Michael McIntyre

Personal information
- Born: Michael Mackay McIntyre 29 June 1956 (age 70) Glasgow, Scotland

Sailing career
- Sport: Sailing
- Class(es): Star, Finn

Medal record
Men's sailing
Representing Great Britain
Olympic Games
| Gold medal – first place | 1988 Seoul | Star |

= Michael McIntyre (sailor) =

British sailor

Michael Mackay McIntyre MBE (born 29 June 1956) is a British sailor, who was the Olympic champion in the Star class event at the 1988 Summer Olympics in Seoul. He also competed at the 1984 Summer Olympics in Los Angeles, and won multiple British Finn class championships. In 1989, McIntyre was awarded an MBE for services to yachting.

==Career==
At the age of 12, McIntyre was a Scottish schools swimming champion. He was a member of Helensburgh and Bosham Sailing Clubs. McIntyre won the British Finn class Championships in 1980, 1981, and 1984.

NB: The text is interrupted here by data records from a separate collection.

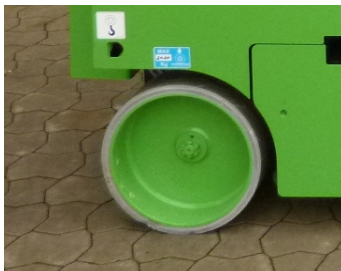
AIRO X12 EN, SF 226653-Helle Reifen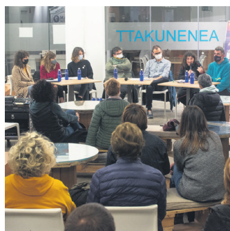
Mahai inguruko partaideak.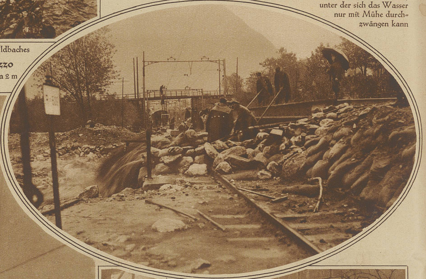
Die Das Geschiebefeld des vom Monte Arbino herunter kommenden Wildbaches Hochwasserverheerungen an der Gotthardbahn bei Molinazzo Bild rechts (im Oval): Die von den Bundesbahnen erstellte Notbrücke liegt etwa 2 m höher als die alte Trasse, an deren Freilegung gearbeitet wird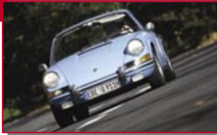
Typ: Porsche 911 T, 2200 ccm, 140 PS Baujahr: 1971 M Ort: Poing Hartmann, Rüdiger D Leichte, Erich D

McIntyre competed at the 1984 Summer Olympics in Los Angeles, finishing seventh in the Finn class. McIntyre competed at the 1988 Summer Olympics in Seoul and won a gold medal in the Star class, together with Bryn Vaile. McIntyre was the skipper of the team, and the pair had been in fourth place going into the final race. The pair won the event after the American pair of Mark Reynolds and Hal Haenel had to retire in the final race due to a broken mast; the Canadian team who were ahead of the Britons also retired from the race, due to a damaged backstay. It was the first Olympic Star class medal by a British team since 1932, when Colin Ratsey and Peter Jaffe finished second in the event.

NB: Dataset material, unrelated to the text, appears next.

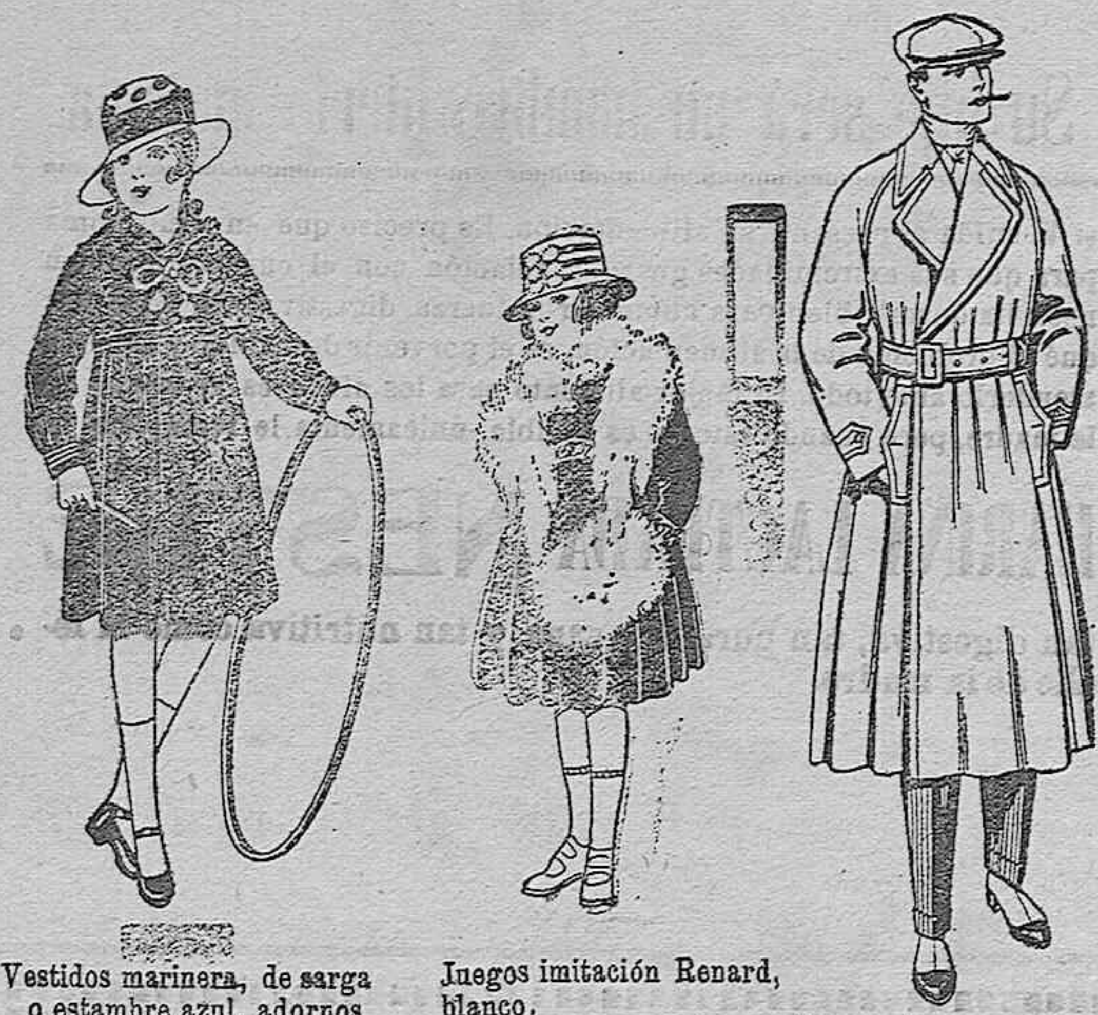
Vestidos marinera, de sarga o estambre azul, adornos sea blancos. De ptas. 25 a 30

PRECIO FIJO VENTA AL CONTADO Pídanse el catálogo general

McIntyre retired from sailing after the 1988 Olympics. In 2012, McIntyre made a one-off return to sailing for an event at the Weymouth and Portland National Sailing Academy on the 2012 Summer Olympics course. His race was ended by a collision with another yacht.

==Personal life==
McIntyre was born in Glasgow, and his father was a veterinary surgeon. He grew up in Shandon, Dunbartonshire and attended Hermitage Academy, and later the University of Glasgow. McIntyre later lived in Salisbury, England, where he worked in sales management. Despite living in England, McIntyre is an honorary president of Helensburgh Sailing Club in Scotland, and he is also a lifetime honorary member of the Hayling Island Sailing Club.

McIntyre was appointed MBE in the 1989 New Year Honours, for services to yachting. McIntyre is married, and has multiple children. His daughter Eilidh is a former sailor, who won a gold medal in the 470 event at the delayed 2020 Summer Olympics.